Calculate using Euler integrals $\int \limits_0^{+\infty} \frac{1}{x^{n+1}} e^{-\frac{\alpha}{2x^2}}dx$ Find existence region and express the function in terms of Euler's  integrals 
$$\int \limits_0^{+\infty} \frac{1}{x^{n+1}} e^{-\frac{\alpha}{2x^2}}dx, \alpha > 0, n \in N$$
I have tried $t = \frac{1}{x}, dx = - \frac{1}{t^2}dt$
So I got
$$\int \limits_0^{+\infty}t^{n-1}e^{-\frac{\alpha t^2}{2}}dt$$
Is it correct substitution, how to make the next step?

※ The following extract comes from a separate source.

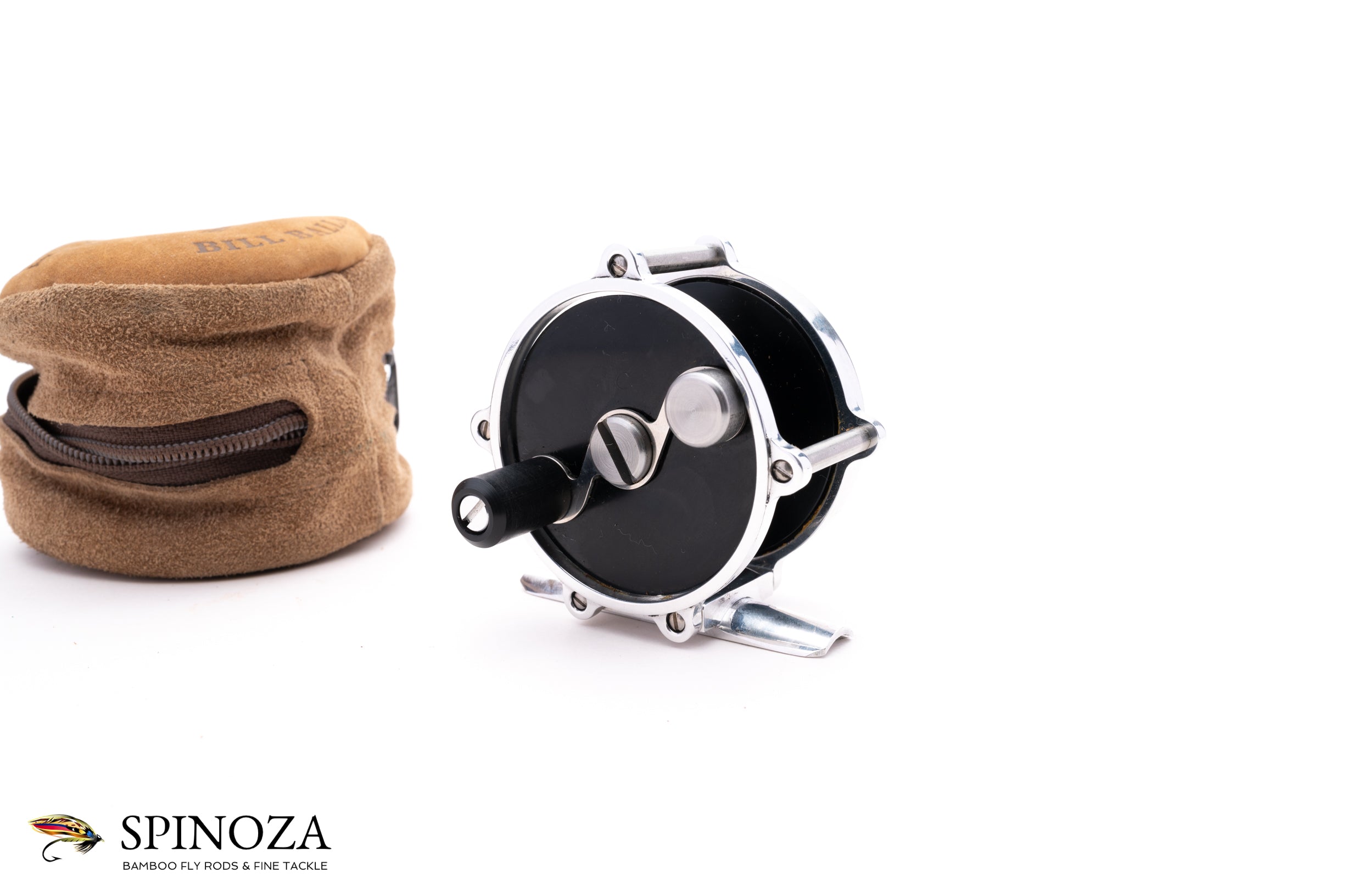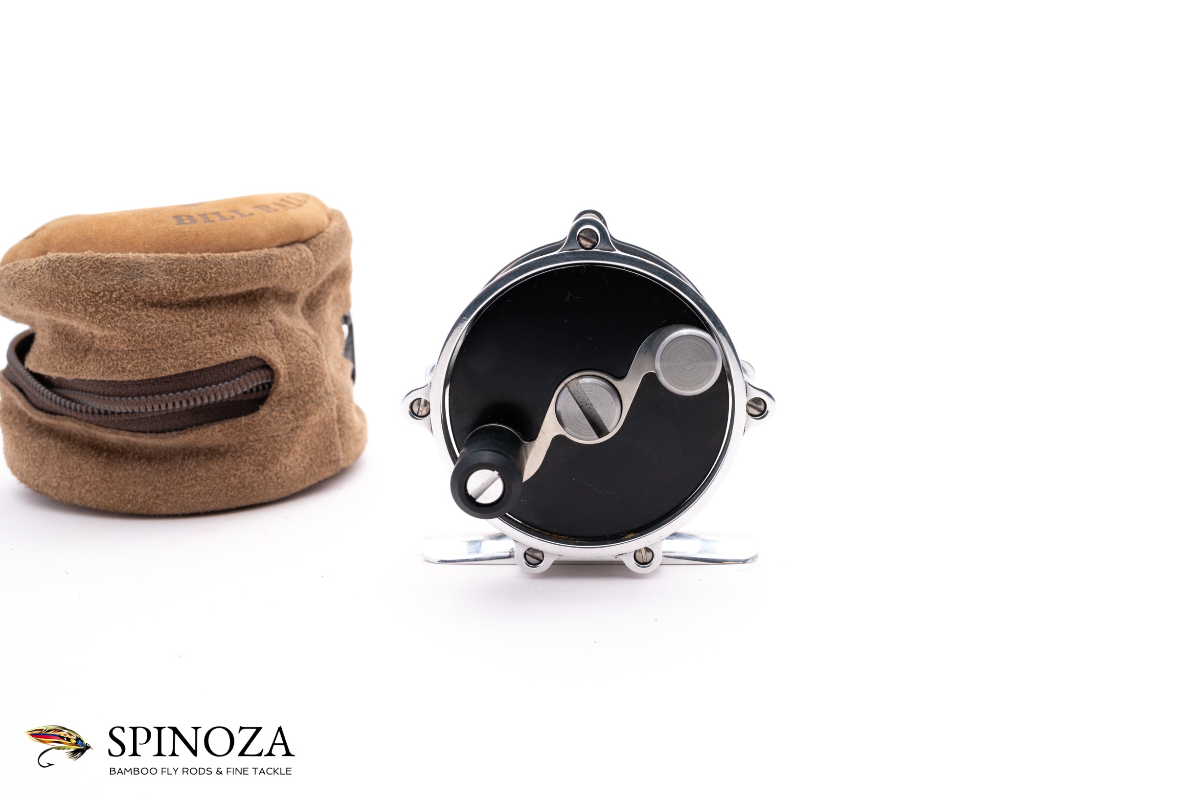 A Bill Ballan Midge Fly Reel, 2 1/2" diameter. Fairly neutral bias though with perhaps a slight favor to RHW. Near mint condition. The reel has some very minor cosmetic rubbing in a few places, though it may be from handling rather than fishing. It is very clean overall. Raised pillar design with an integrated s-handle. Black sideplates with a silver aluminum frame. 7/8" spool width. Designed for 3-weight or smaller rods. It comes in the original suede leather Ballan case with the logo embossed on one side.

 A: Now substitute again: $u=\frac{\alpha t^2}{2}$ so that $du=\alpha tdt$, you get:
\begin{align} \frac{\left(\frac{2}{\alpha}\right)^\frac{n}{2}}{2}\int^{\infty}_0 u^{\frac{n}{2}-1}e^{-u}\mathrm d u=\frac{\left(\frac{2}{\alpha}\right)^\frac{n}{2}}{2}\Gamma\left(\frac{n}{2}\right) \end{align}
Where $\Gamma(z):=\int_0^{\infty}t^{z-1}e^{-t}\mathrm d t$ is the gamma function.

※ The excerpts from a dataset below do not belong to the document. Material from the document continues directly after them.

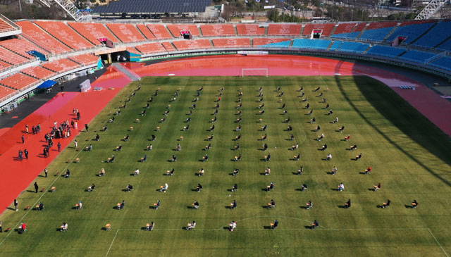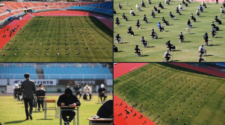 Güney Kore'de, üniversite sınavı 10 Nisan'da koronavirüs nedeniyle Ansan'daki bir stadyumda yapılmıştı.
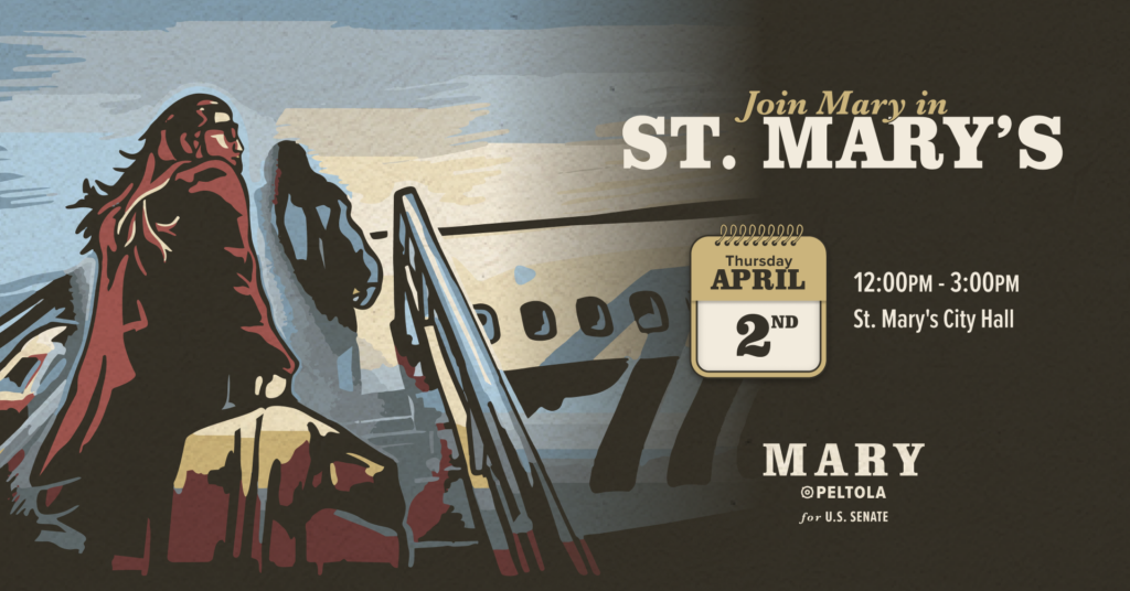 Mary Peltola is heading out on the road and will be in St. Mary’s on Thursday, April 2nd.
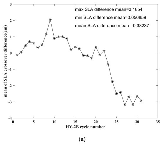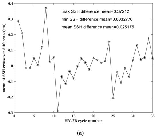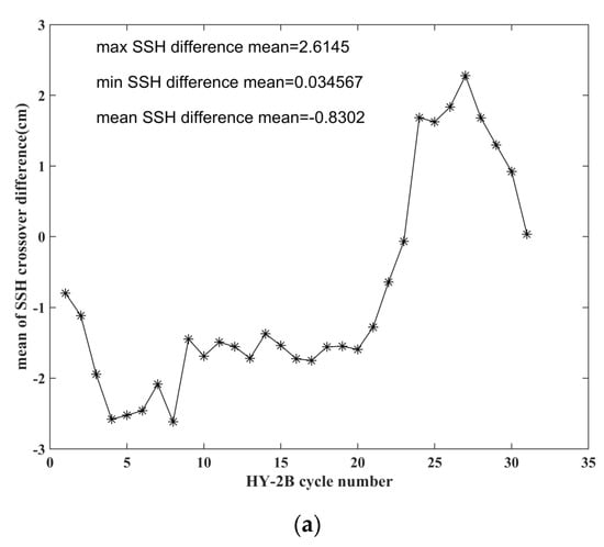 Figure 19a shows the cycle by cycle mean distributions of the differences in the HY-2B sea surface heights at the crossover points of the ascending and descending orbits. It can be seen in the figure that during all 35 cycles, the differences in the average sea surface heights at the crossovers of the ground tracks were less than 4 mm. These results confirmed the observation stability of the HY-2B satellite’s radar altimeter performance. It was also proven that the accuracy of the GDR products of the HY-2B satellite’s radar altimeter had displayed little differences in time and space. There were no time scale bias problems as observed in the HY-2A satellite [3,4,5].
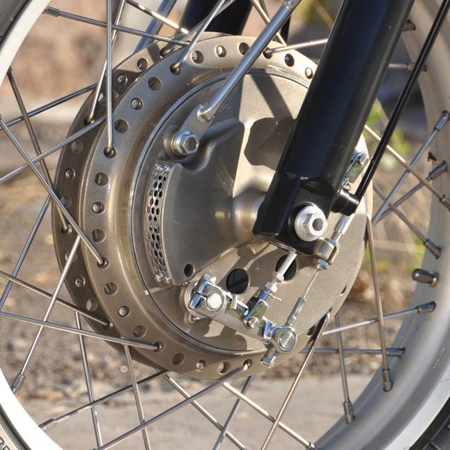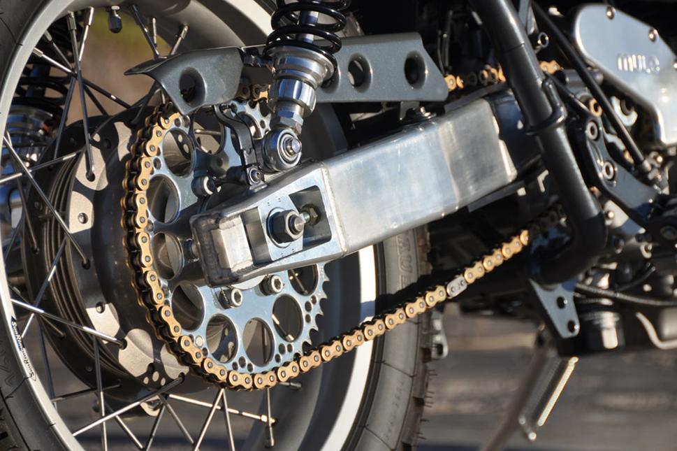 Тормозные диски подверглись полной реставрации, включая расточку для подшипников большего диаметра. Кроме того, двойной тормозной диск плавно переходит в крепление переднего крыла. Что касается задней колодки, то здесь была установлена система от 1976 Yamaha XS650. Она прошла такую же расточку под подшипник большего диаметра, также была установлена алюминиевая звездочка.

Furthermore for $n$ multiple of 2 you get: $\Gamma(\frac{n}{2})=(\frac{n}{2}-1)!$
A: Well, we have that:
$$\mathscr{I}\left(\text{a},\text{n},x\right):=\int\frac{\exp\left(-\frac{\text{a}}{2x^2}\right)}{x^{1+\text{n}}}\space\text{d}x\tag1$$
Substitute:
$$\text{u}=\frac{\text{a}^\frac{\text{n}}{2}}{2^\frac{\text{n}}{2}\cdot x^\text{n}}\tag2$$
So, we get that:
$$\mathscr{I}\left(\text{a},\text{n},x\right)=-\frac{2^\frac{\text{n}}{2}}{\text{n}\cdot\text{a}^\frac{\text{n}}{2}}\int\exp\left(-\text{u}^\frac{2}{\text{n}}\right)\space\text{d}\text{u}\tag3$$
And, for the integral we use the incomplete gamma function:
$$\int\exp\left(-\text{u}^\frac{2}{\text{n}}\right)\space\text{d}\text{u}=\text{C}-\frac{\text{n}\Gamma\left(\frac{\text{n}}{2},\text{u}^\frac{2}{\text{n}}\right)}{2}\tag4$$
So, for $(1)$ we get:
$$\mathscr{I}\left(\text{a},\text{n},x\right)=\frac{2^{\frac{\text{n}}{2}-1}}{\text{a}^\frac{\text{n}}{2}}\cdot\Gamma\left(\frac{\text{n}}{2},\frac{\text{a}}{2x^2}\right)+\text{C}\tag5$$
Now, for the boundaries:


*

*When $x=0$:
$$\mathscr{I}\left(\text{a},\text{n},0\right)=\frac{2^{\frac{\text{n}}{2}-1}}{\text{a}^\frac{\text{n}}{2}}\cdot\lim_{x\to0}\Gamma\left(\frac{\text{n}}{2},\frac{\text{a}}{2x^2}\right)\tag6$$

*When $x\to\infty$:
$$\lim_{x\to\infty}\mathscr{I}\left(\text{a},\text{n},x\right)=\frac{2^{\frac{\text{n}}{2}-1}}{\text{a}^\frac{\text{n}}{2}}\cdot\lim_{x\to\infty}\Gamma\left(\frac{\text{n}}{2},\frac{\text{a}}{2x^2}\right)\tag7$$